We are thus extremely limited in assessing macro trends in security breaches. We’re forced to use far more anecdotal information than a skeptic like myself is comfortable with. We don’t even have a standard for assessing breach costs (as I’ve proposed, never mind more accurate crime and investigative statistics that could help craft our prioritization of security defenses.

Seriously – decades into the practice of security we don’t have any fracking idea if forcing users to change passwords every 90 days provides more benefit than burden.

All that said, we can’t sit on our asses and wait for the data. As unscientific as it may be, we still need to decide which security controls to apply where and when.

In the past couple weeks we’ve seen enough information emerging that I believe we now have a good idea of two major methods of attack:

  1. As we discussed here on the blog, SQL injection via web applications is one of the top attack vectors identified in recent breaches. These attacks are not only against transaction processing systems, but are also used to gain a toehold on internal networks to execute more invasive attacks.
  2. Brian Krebs has identified another major attack vector, where malware is installed on insecure consumer and business PCs, then used to gather information to facilitate illicit account transfers. I’ve seen additional reports that suggest this is also a major form of attack.

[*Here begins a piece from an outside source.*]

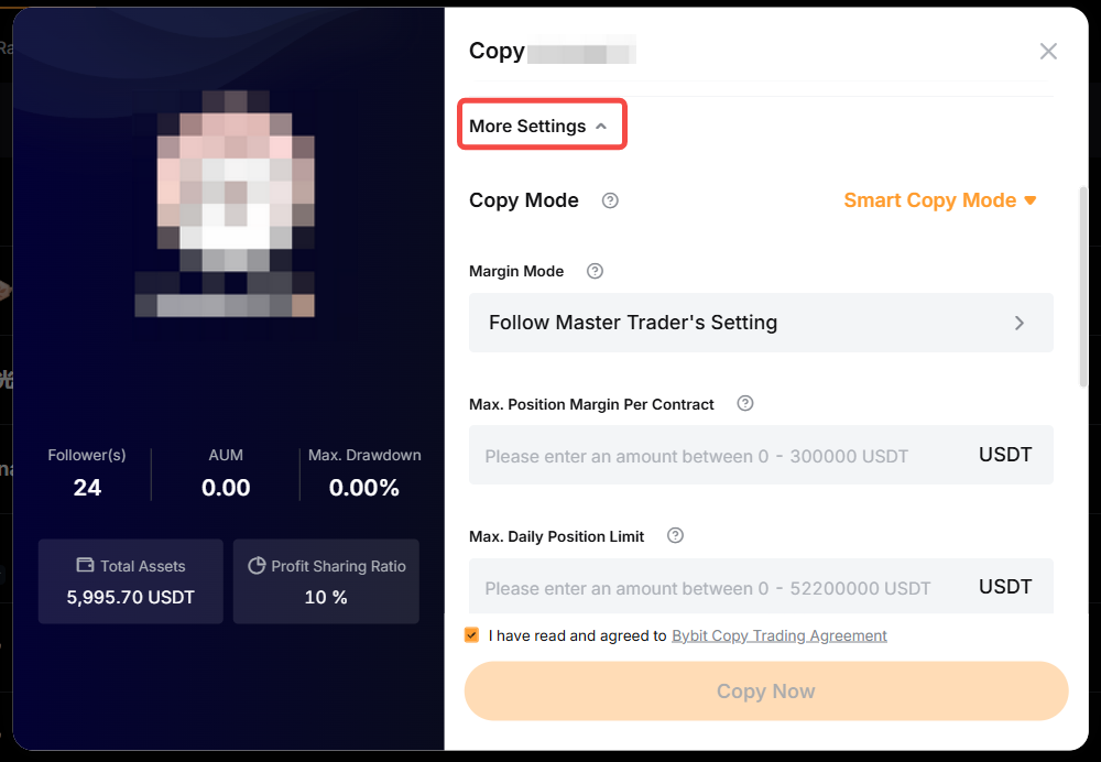 Step 4: Click on More Settings to configure additional trade settings for copying.

I’d love to back these with better statistics, but until those are available we have to rely on a mix of public disclosure and anecdotal information. We hear rumors of other vectors, such as customized malware (to avoid AV filters) and the ever-present-and-all-powerful insider threat, but there isn’t enough to validate those as a major trend quite yet.

If we look across all our sources, we see a consistent picture emerging. The vast majority of cybercrime still seems to take advantage of known vulnerabilities that are can be addressed using common practices. The Verizon report certainly calls out unpatched systems, configuration errors, and default passwords as the most common breach sources.

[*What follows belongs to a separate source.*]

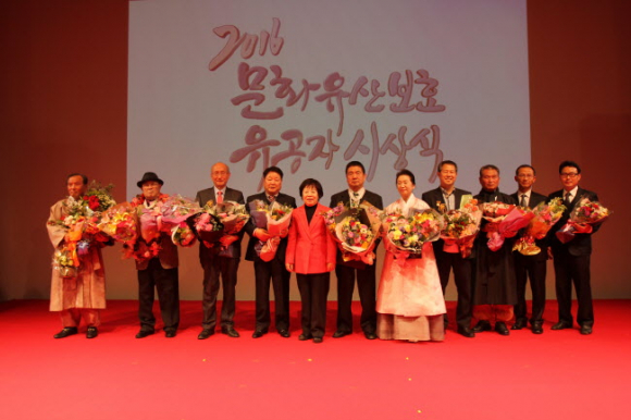 문화재청(청장: 나선화)은 문화유산의 보존▪연구▪활용에 공헌한 단체와 개인 유공자를 발굴하여 12월 8일(목) 나선화청장을 비롯한 수상단체, 개인 및 300여명이 참가한 가운데 한국문화재재단 민속극장 ‘풍류’에서 2016년도 문화유산보호 유공자 시상식을 개최했다.

While we can’t state with complete certainty that patching systems, blocking SQL injection, removing default passwords, and enforcing secure configurations will prevent most breaches, the information we have does indicate that’s a reasonable direction. Combine that with following the Data Breach Triangle by reducing use of sensitive data (and using something like DLP to find it), and tightening up egress filtering on transaction processing networks and other sensitive data locations, and you are probably in pretty good shape.

For financial institutions struggling with their clients being breached, they can add out-of-band transaction verification (phone calls or even automated text messages), and/or consider using something like Trusteer that helps secure browser sessions (note – I only mention specifically them because I don’t know of any competitor).

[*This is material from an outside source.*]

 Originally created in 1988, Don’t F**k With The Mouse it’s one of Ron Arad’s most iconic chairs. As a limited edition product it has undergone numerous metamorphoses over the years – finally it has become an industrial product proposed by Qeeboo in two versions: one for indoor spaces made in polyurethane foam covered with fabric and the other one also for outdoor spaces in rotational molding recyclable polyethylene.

None of this necessarily correlates with other kinds of security incidents, but based on the various information sources we do have access to, it seems a reasonable understanding of current means and methods is emerging, and we know which security controls can mitigate those attacks. This is all based on an extremely small sample set, but unfortunately that’s all we have.

The bad guys will, of course, change attacks once the current batch becomes less profitable, but that’s the way the world works. There’s nothing we can possibly do that can eliminate every potential attack method.

It’s also possible all the public information and reports are steering us in the wrong direction, but we need to make the best decisions we can until new data emerges.

Hopefully this is helpful. I know my recommendations have started to change based on the information that’s come out in the past year.